|Nutritional Guidelines (per serving)|
|Amount per serving|
|% Daily Value*|
|Total Fat 34g||44%|
|Saturated Fat 9g||43%|
|Total Carbohydrate 15g||5%|
|Dietary Fiber 4g||14%|
|Total Sugars 5g|
|Vitamin C 29mg||143%|
|*The % Daily Value (DV) tells you how much a nutrient in a food serving contributes to a daily diet. 2,000 calories a day is used for general nutrition advice.|
This recipe for Indian masala kheema, which translates roughly as meat mince, can be made with any meat you prefer—chicken, lamb, pork, goat meat, or any combination such as minced pork and veal. This dish, however, has become synonymous with lamb as this is a pantry staple in India.
Masala kheema is a flavorful combination of onion, garlic, ginger, spices, meat, and tomatoes, making a comforting dish that is easily accessible since garam masala is the only truly Indian ingredient. This dish also often contains peas and potatoes. This recipe, however, calls for both garlic paste and ginger paste, which you can make easily on your own, or you can purchase at some grocery stores; look for it in the produce section. The dish is extremely versatile and simply changing the ingredients in the masala (the spice and onion mixture) can result in a great new taste each time.
Serve with chapatis (Indian flatbread) or parathas (pan-fried Indian flatbread) or plain boiled, fragrant basmati rice. Masala kheema can be eaten as a main course for lunch or dinner. It's also good served alongside dal (soup-like lentils) and a leafy green salad for a well-rounded meal.
3 tablespoons vegetable, canola, or sunflower oil
1 teaspoon cumin seeds
2 medium onions, finely chopped
1 tablespoon garlic paste
1 tablespoon ginger paste
2 tablespoons ground coriander
1 tablespoon ground cumin
1 tablespoon garam masala
Kosher salt, to taste
1 pound ground beef, or any other ground meat
2 medium tomatoes, finely chopped
1 tablespoon freshly squeezed lime juice
1/4 cup coarsely chopped cilantro leaves, for garnish
Gather the ingredients.
Heat the cooking oil in a wok or deep pan over medium heat.

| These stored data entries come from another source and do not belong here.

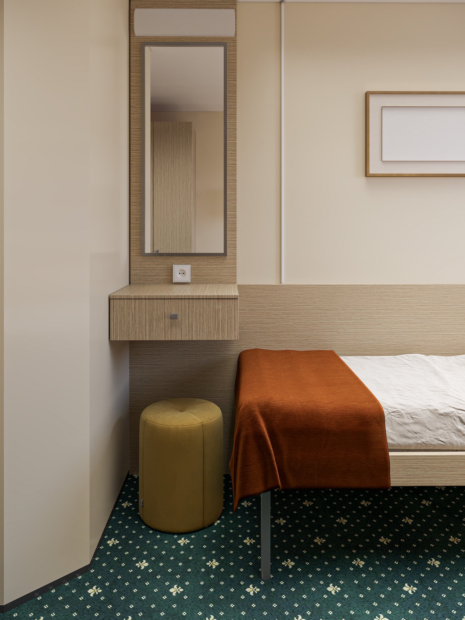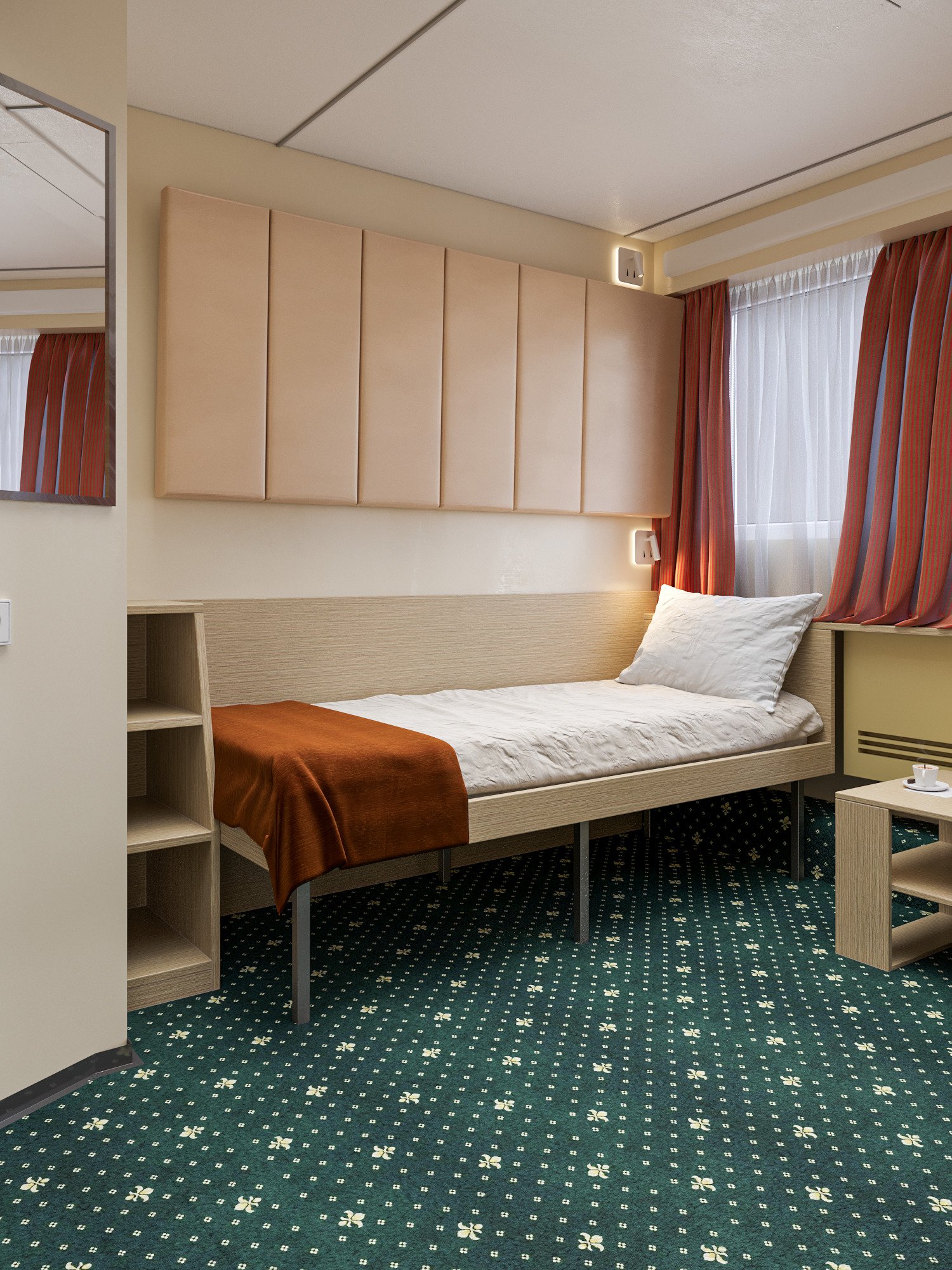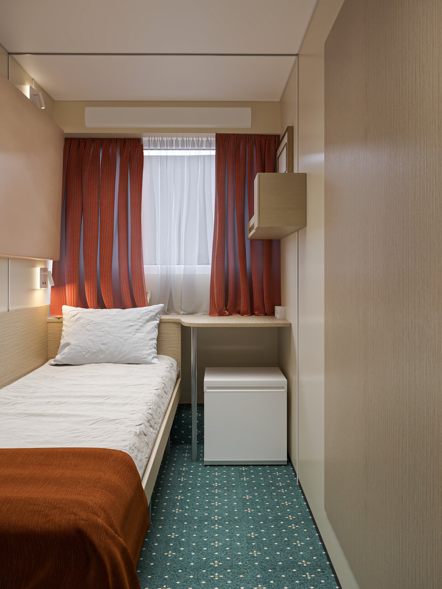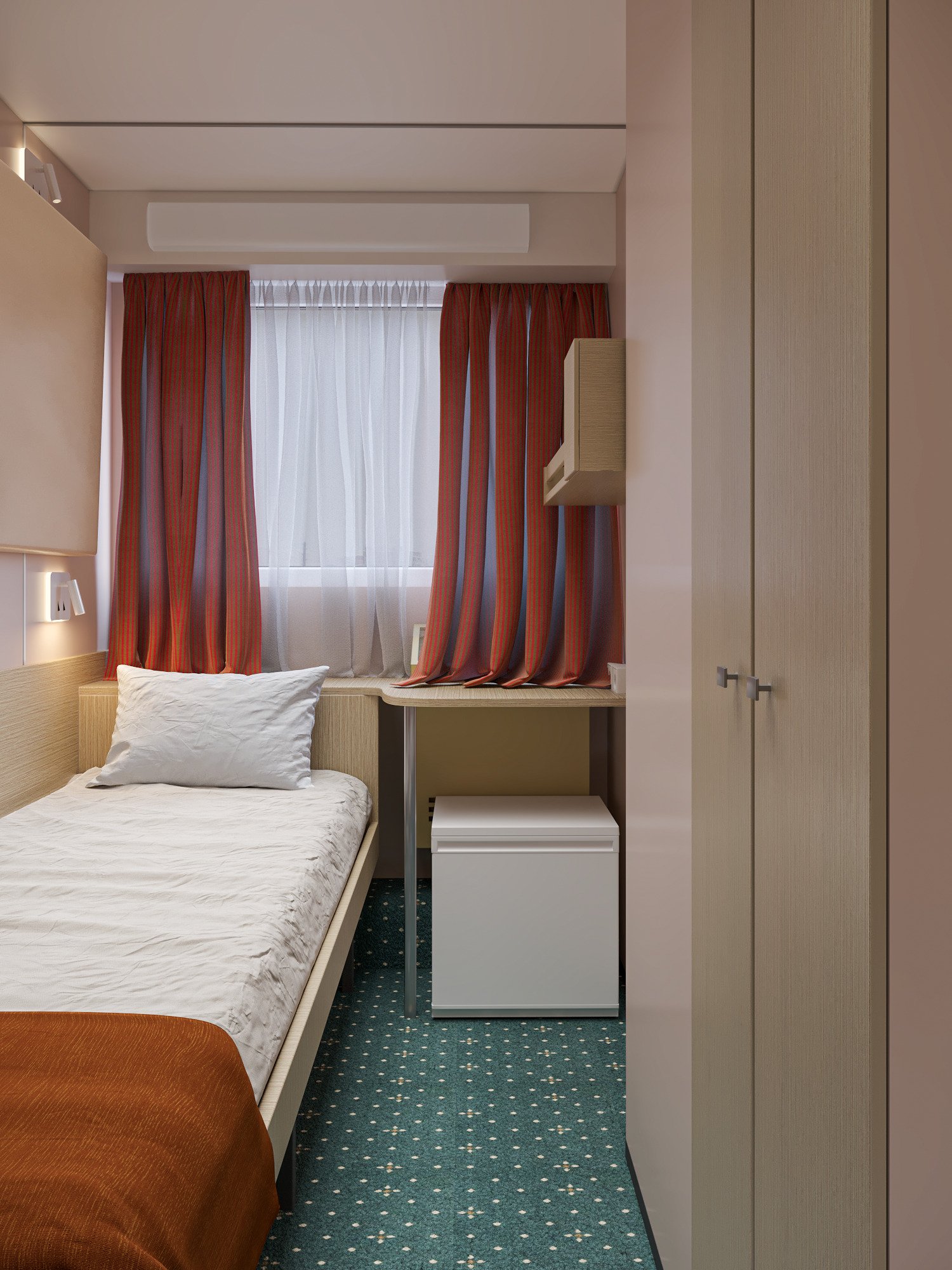 | Средняя палуба | Двухместная двухъярусная Однокомнатная двухъярусная каюта с удобствами, рассчитанная на размещение двух человек В каюте: два спальных места (одно над другим), шкаф для одежды, зеркало, радио, фен, душ, санузел, холодильник, кондиционер, обзорное окно, электророзетка на 220V.Площадь кают:183-191 (главная палуба) — 6 м281,86, 108-117, 146, 147 (средняя палуба) — 6 м2, 73-76 — 7,4 м231-32 (шлюпочная палуба) — 6 м2Размер кроватей: нижняя 80х200 см, верхняя 75х200 смВ 2026 году каюты теплохода будут модернизированы. Перед вами — визуализация будущих интерьеров. | 1-местное размещение | нет |
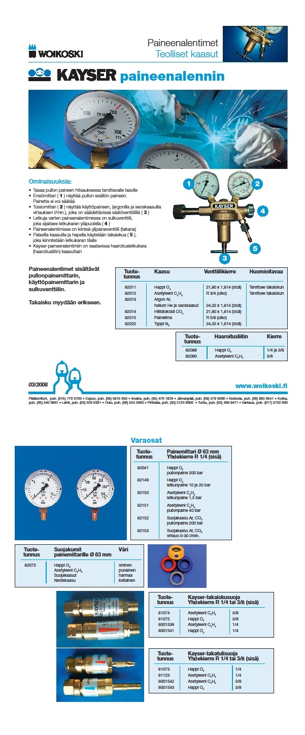 - Suositellaan sulkuventtiilillä varustettua paineenalenninta ESIM: Kayser-paineenalennin . Sulkuventtiilillä varmistetaan sovitelman turvallinen käyttö, paineastiaa ei tarvitse irroittaa mittarista käyttökertojen välissä.
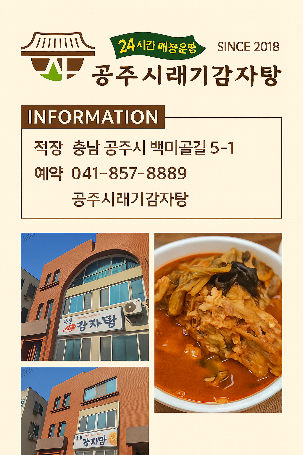 공주에 구수한 시래기와 진한 국물맛으로 소문난 공주 시래기 감자탕을 소개해볼까 해요. 이곳은 공주시 웅진로 5에 위치해 있으며, 24시간 영업으로 언제든 따뜻한 감자탕을 즐길 수 있는 곳이랍니다~ 🍲 공주 시래기 감자탕의 특징 ✔ 포장·배달 및 네이버 주문 가능 ✔ 24시간 매장 운영 ✔ 포장·배달 및 네이버 주문 가능 ✔ 깊고 진한 국물, 부드러운 등뼈 살매장 내부는 깔끔하고 따뜻한 조명으로 포근한 분위기입니다.주방이 오픈되어 조리 과정이 보이고,직원분들이 친절하게 응대해 주셔서 가족 단위 방문에도 좋습니다. 🥄 메뉴 구성 및 반찬- 깍두기- 고추&당근스틱- 쌈장- 와사비 간장속스깔끔하면서 감자탕과 궁합이 잘 맞는 구성이었어요. 감자탕은 시래기와 등뼈의 조합이 아주 좋습니다.국물은 진하면서도 개..

Add the cumin seeds and fry for 1 minute or until the seeds stop spluttering.
Add the onions and sauté till they turn a pale golden color, about 5 minutes.
Add the garlic and ginger pastes and fry for 1 minute to get rid of the "raw" fragrance.
Add the coriander, cumin, garam masala, and salt to taste and sauté, stirring almost continuously, until the oil begins to separate from the masala. (When this happens, you know the spices are cooked to perfection.)
Add the meat to the masala and sauté until browned, stirring often to prevent burning— about 5 to 7 minutes.
Add the tomatoes, stir, and cook until they are soft.
Turn off the heat, add the lime or lemon juice, and stir to mix well.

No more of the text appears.